■ **WORK TO BE COMPLETED**: Could you copy exactly the lines below, beginning at the line with "Collier en or" and stopping after the line with "Sastoji se od", with no pictures?

■ **DATA**:
###

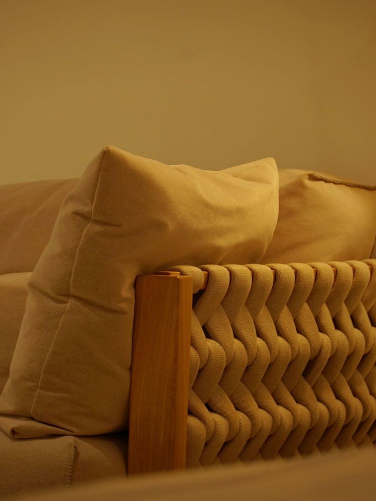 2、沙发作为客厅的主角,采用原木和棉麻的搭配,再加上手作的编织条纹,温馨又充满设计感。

###

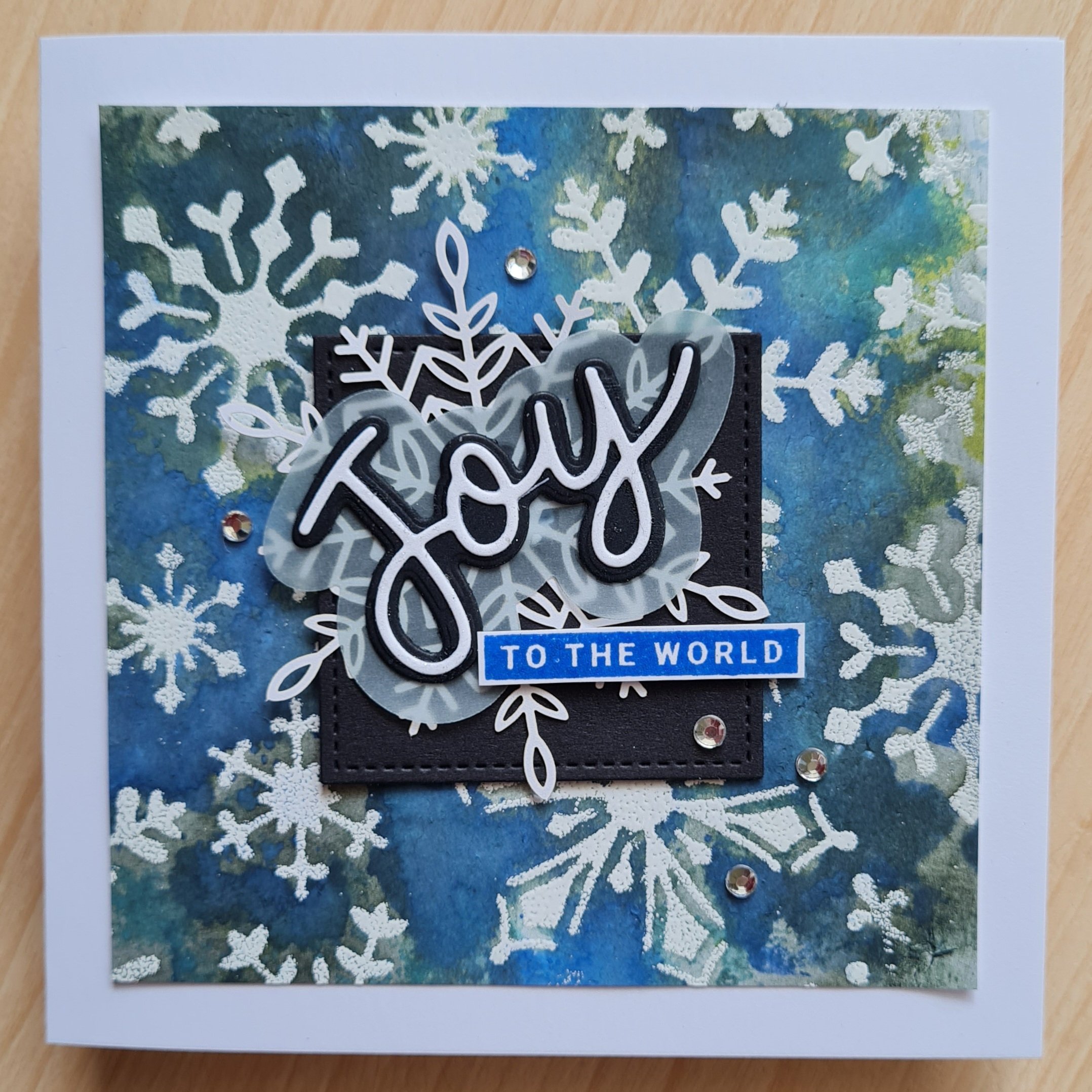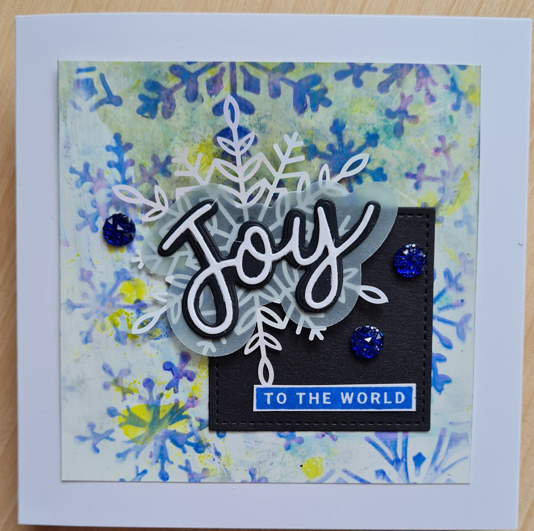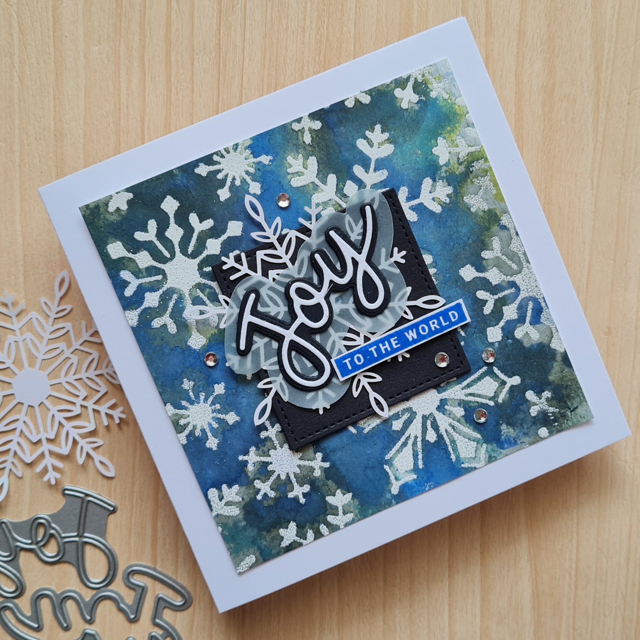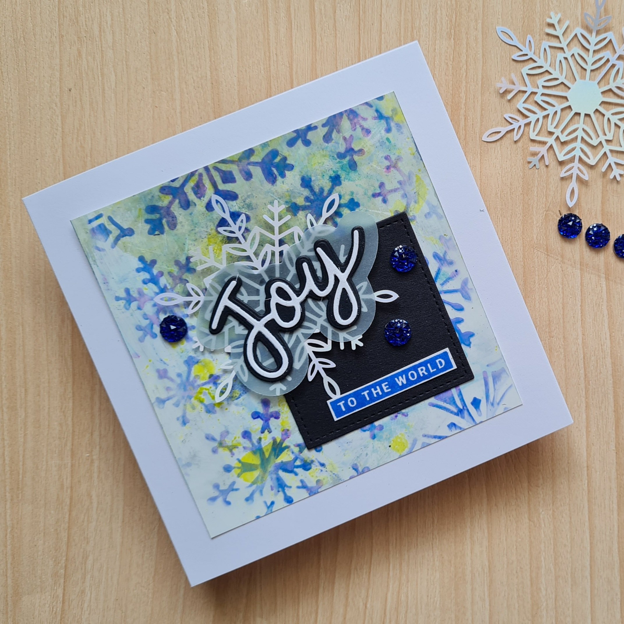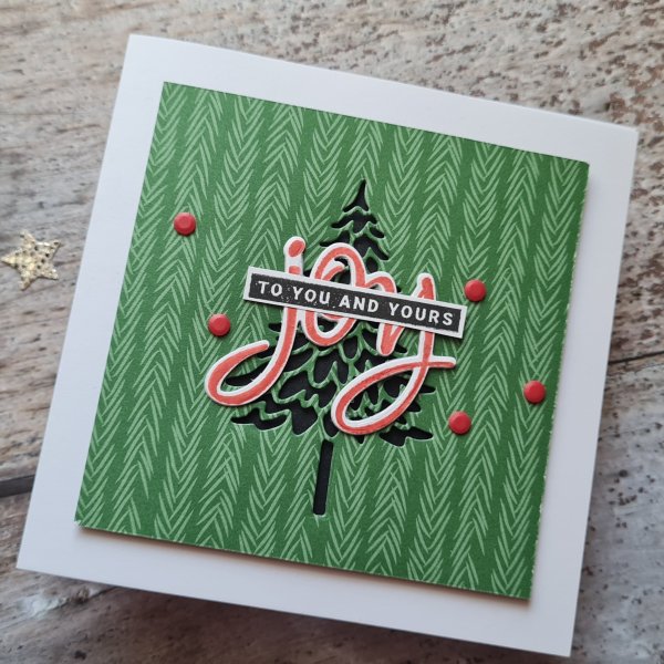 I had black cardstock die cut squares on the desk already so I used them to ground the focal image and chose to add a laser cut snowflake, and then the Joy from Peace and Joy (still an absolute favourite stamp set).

###

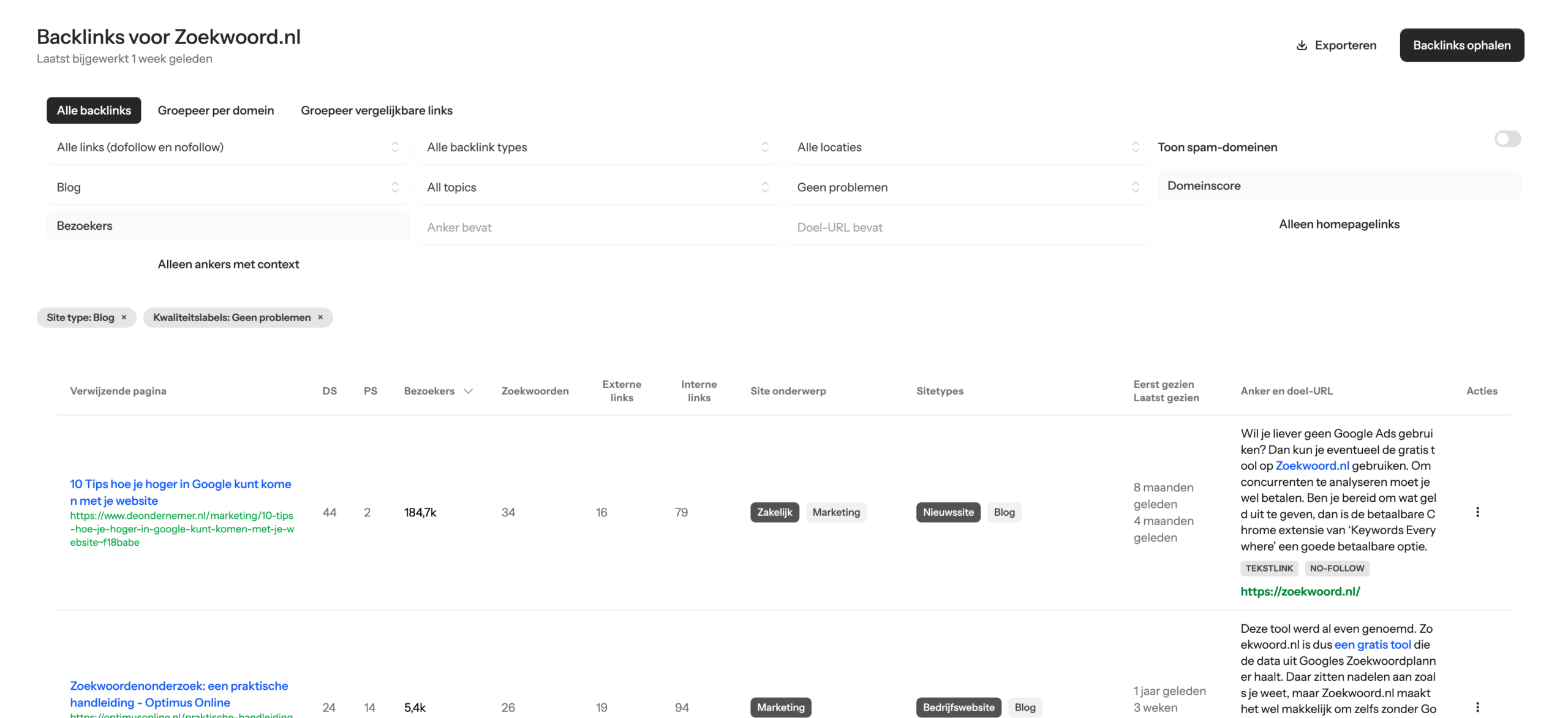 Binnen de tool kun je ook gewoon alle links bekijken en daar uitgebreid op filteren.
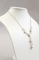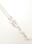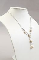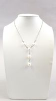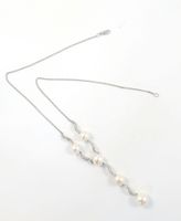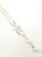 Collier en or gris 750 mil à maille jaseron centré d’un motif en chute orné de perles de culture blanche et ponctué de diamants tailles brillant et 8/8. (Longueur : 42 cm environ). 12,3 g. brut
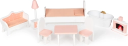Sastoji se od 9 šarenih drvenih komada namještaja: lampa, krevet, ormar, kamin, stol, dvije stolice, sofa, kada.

###

■ **OUTPUT**:
 Collier en or gris 750 mil à maille jaseron centré d’un motif en chute orné de perles de culture blanche et ponctué de diamants tailles brillant et 8/8. (Longueur : 42 cm environ). 12,3 g. brut
Sastoji se od 9 šarenih drvenih komada namještaja: lampa, krevet, ormar, kamin, stol, dvije stolice, sofa, kada.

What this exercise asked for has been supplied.